> _Exercise prompt_:
In the entries below, begin at the line with "Drevený obraz zachytáva" and stop after the line with "We then tried"; output those lines exactly and omit the pictures.

> _Dataset records_:
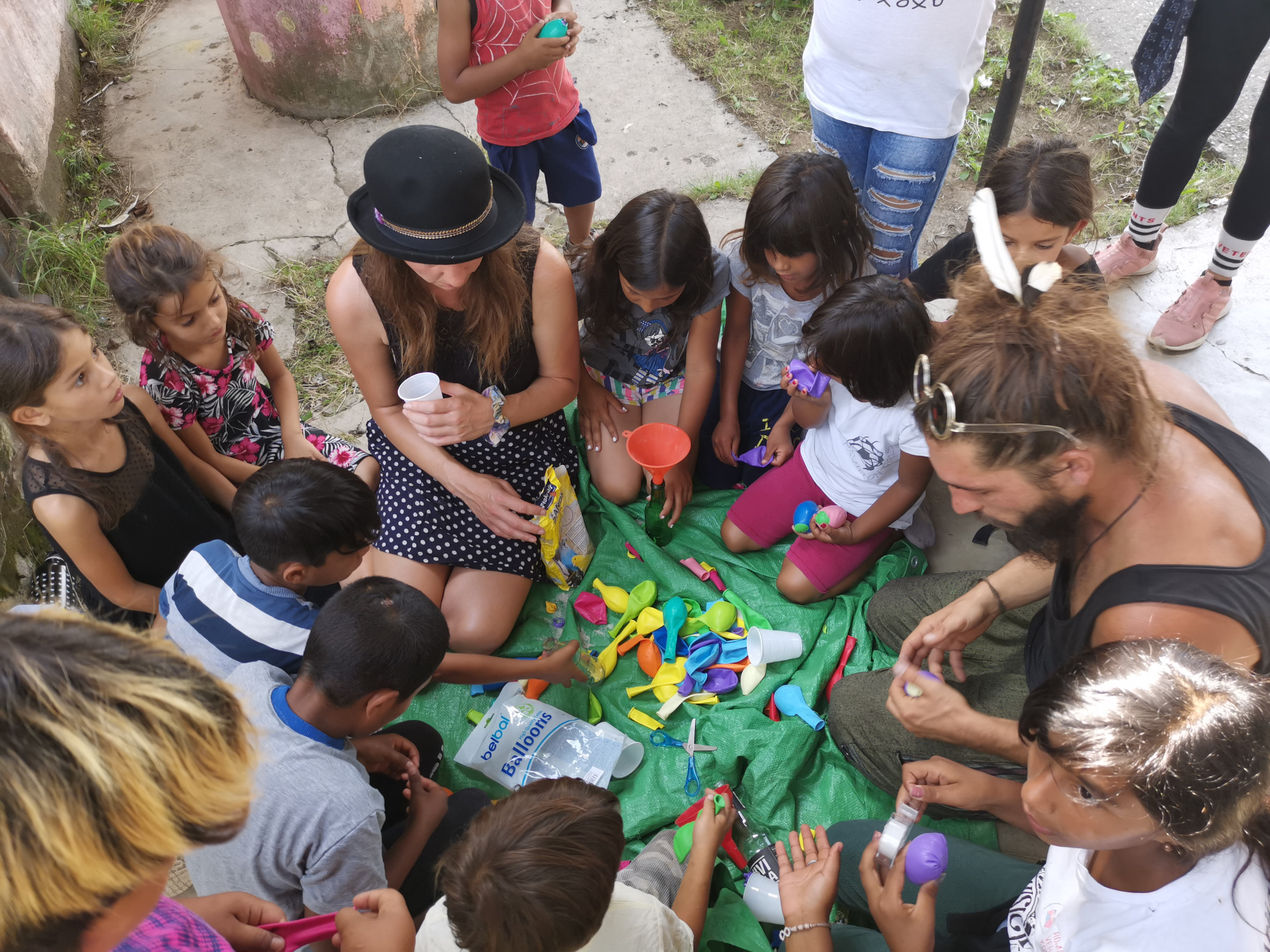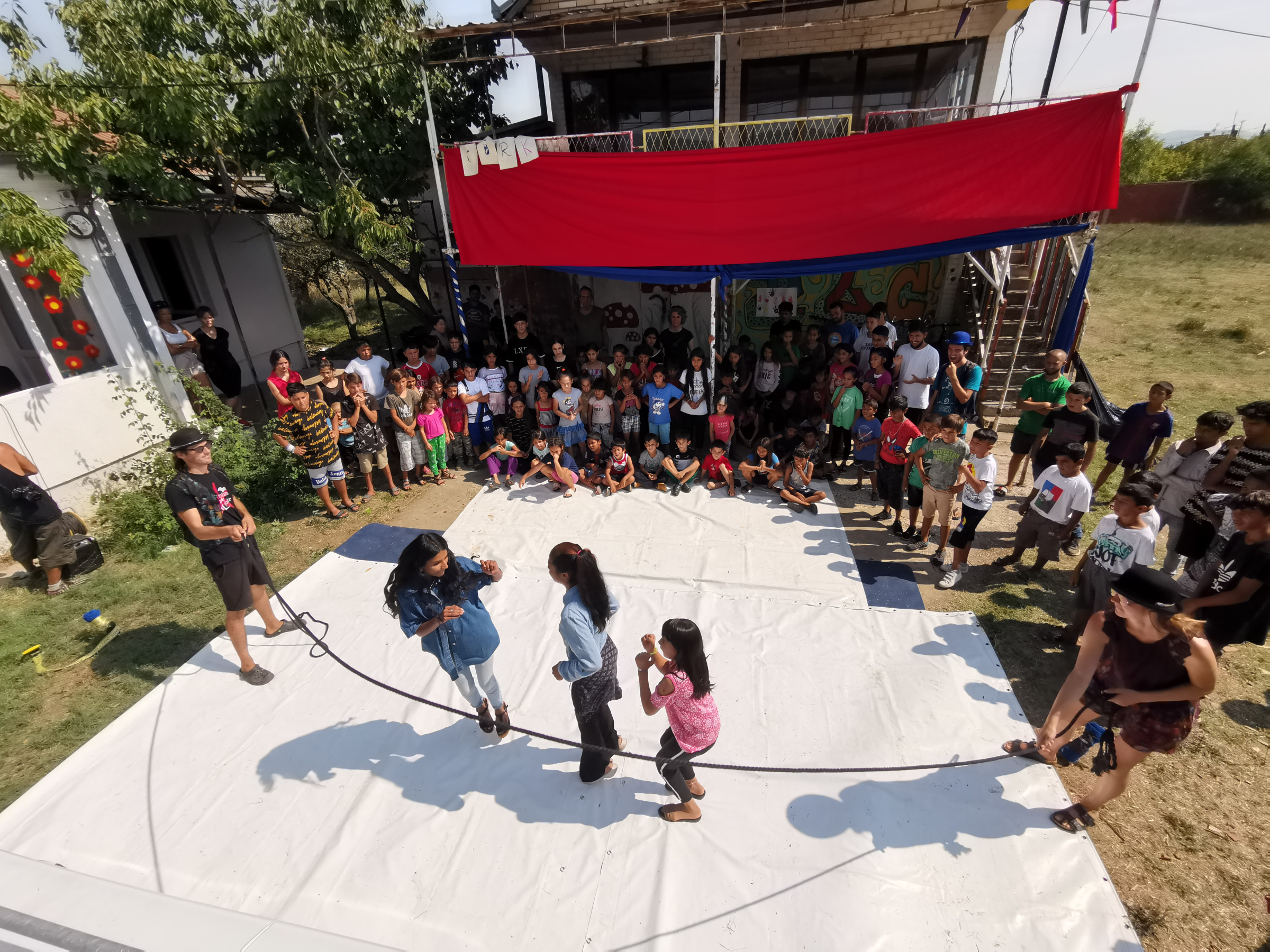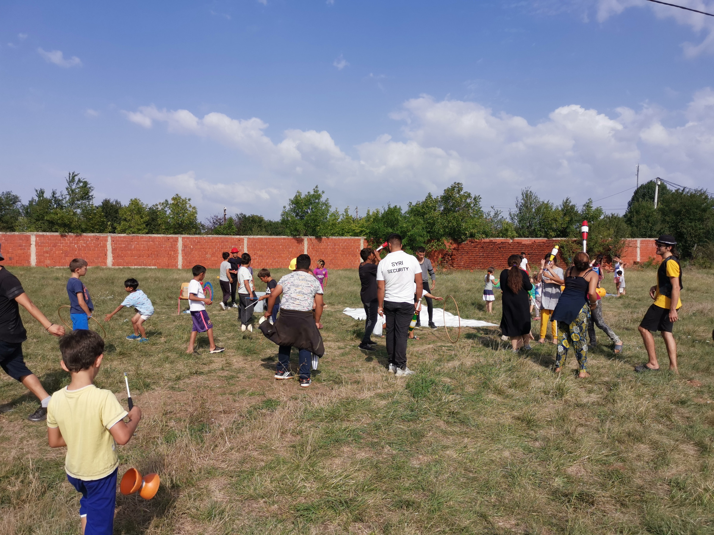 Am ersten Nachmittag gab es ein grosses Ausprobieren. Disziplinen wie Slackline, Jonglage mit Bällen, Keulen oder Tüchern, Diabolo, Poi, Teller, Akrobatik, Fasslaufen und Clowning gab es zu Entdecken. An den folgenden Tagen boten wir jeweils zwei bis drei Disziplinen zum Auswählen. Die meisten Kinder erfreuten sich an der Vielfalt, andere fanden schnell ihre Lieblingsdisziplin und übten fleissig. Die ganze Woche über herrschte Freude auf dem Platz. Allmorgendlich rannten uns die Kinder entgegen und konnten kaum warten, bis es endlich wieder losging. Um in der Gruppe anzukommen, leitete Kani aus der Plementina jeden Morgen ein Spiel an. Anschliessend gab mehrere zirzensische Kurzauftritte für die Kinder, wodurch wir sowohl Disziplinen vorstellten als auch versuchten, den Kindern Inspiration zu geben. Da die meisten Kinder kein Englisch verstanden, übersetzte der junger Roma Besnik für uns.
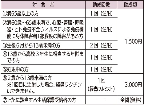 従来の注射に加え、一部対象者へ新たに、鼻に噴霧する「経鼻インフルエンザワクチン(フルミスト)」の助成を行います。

---

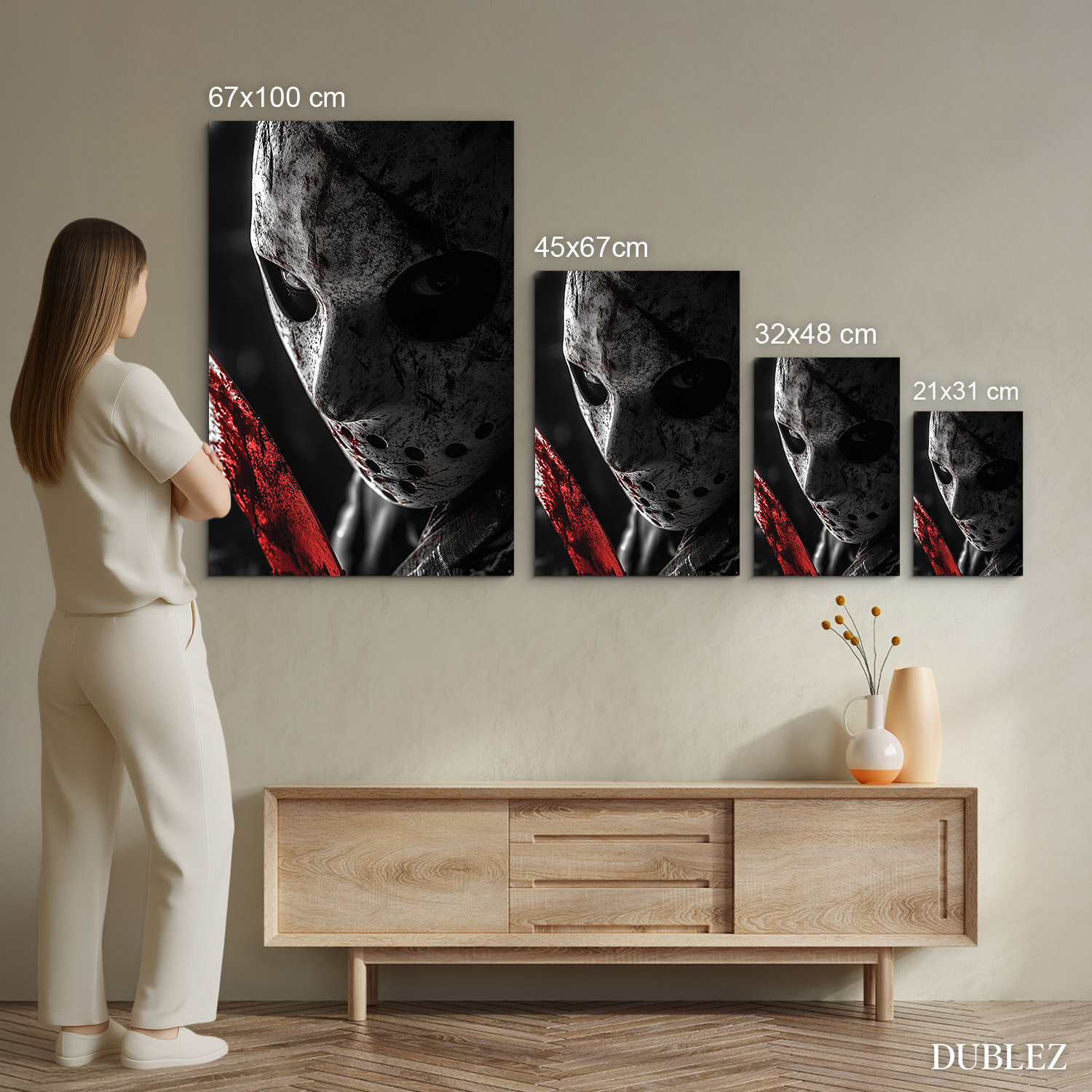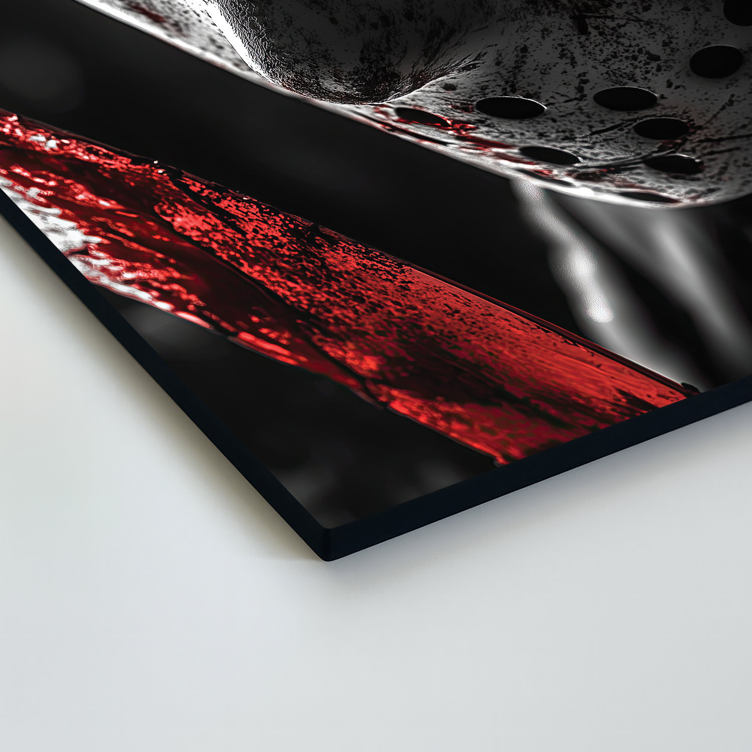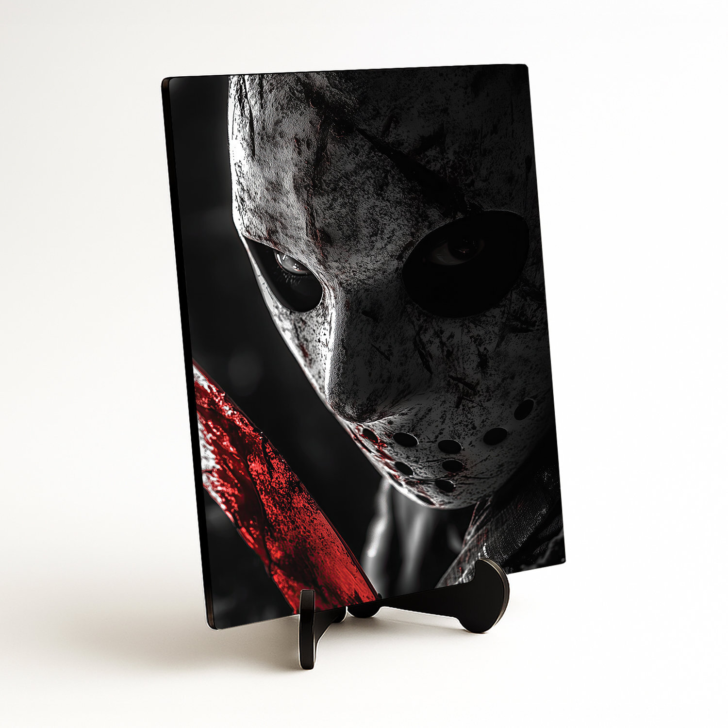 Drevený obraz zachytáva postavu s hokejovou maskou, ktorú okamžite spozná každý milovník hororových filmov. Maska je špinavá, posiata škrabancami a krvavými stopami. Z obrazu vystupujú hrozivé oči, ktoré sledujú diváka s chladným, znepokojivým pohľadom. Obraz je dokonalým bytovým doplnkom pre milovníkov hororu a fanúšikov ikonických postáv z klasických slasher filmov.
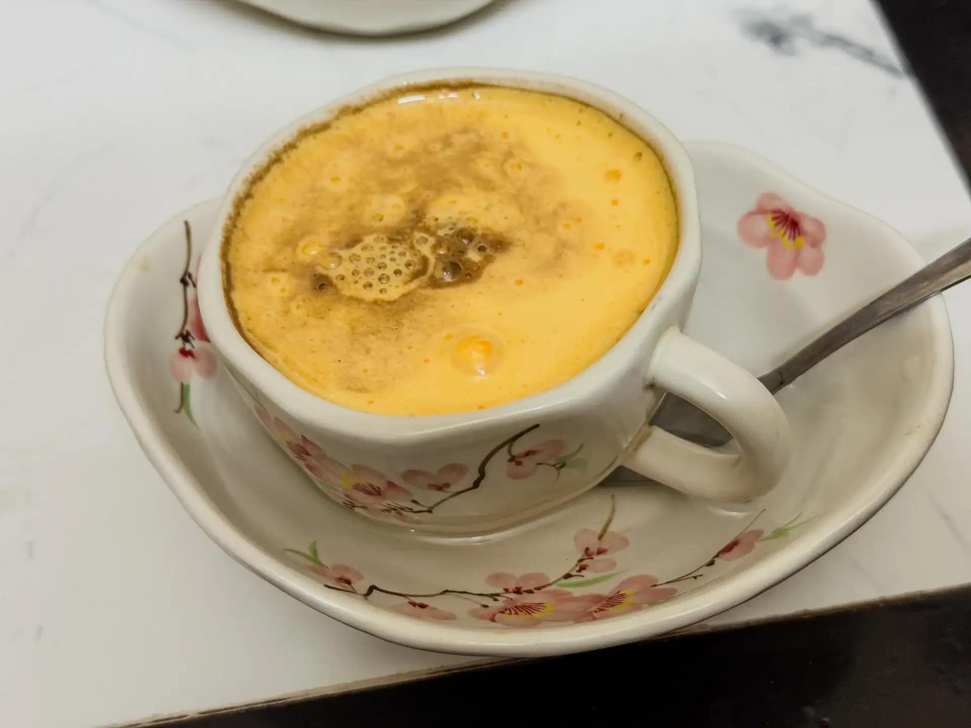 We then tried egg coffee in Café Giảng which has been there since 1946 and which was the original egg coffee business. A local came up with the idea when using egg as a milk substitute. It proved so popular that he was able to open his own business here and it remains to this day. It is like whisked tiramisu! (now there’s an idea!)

> _Result of the exercise_:
 Drevený obraz zachytáva postavu s hokejovou maskou, ktorú okamžite spozná každý milovník hororových filmov. Maska je špinavá, posiata škrabancami a krvavými stopami. Z obrazu vystupujú hrozivé oči, ktoré sledujú diváka s chladným, znepokojivým pohľadom. Obraz je dokonalým bytovým doplnkom pre milovníkov hororu a fanúšikov ikonických postáv z klasických slasher filmov.
 We then tried egg coffee in Café Giảng which has been there since 1946 and which was the original egg coffee business. A local came up with the idea when using egg as a milk substitute. It proved so popular that he was able to open his own business here and it remains to this day. It is like whisked tiramisu! (now there’s an idea!)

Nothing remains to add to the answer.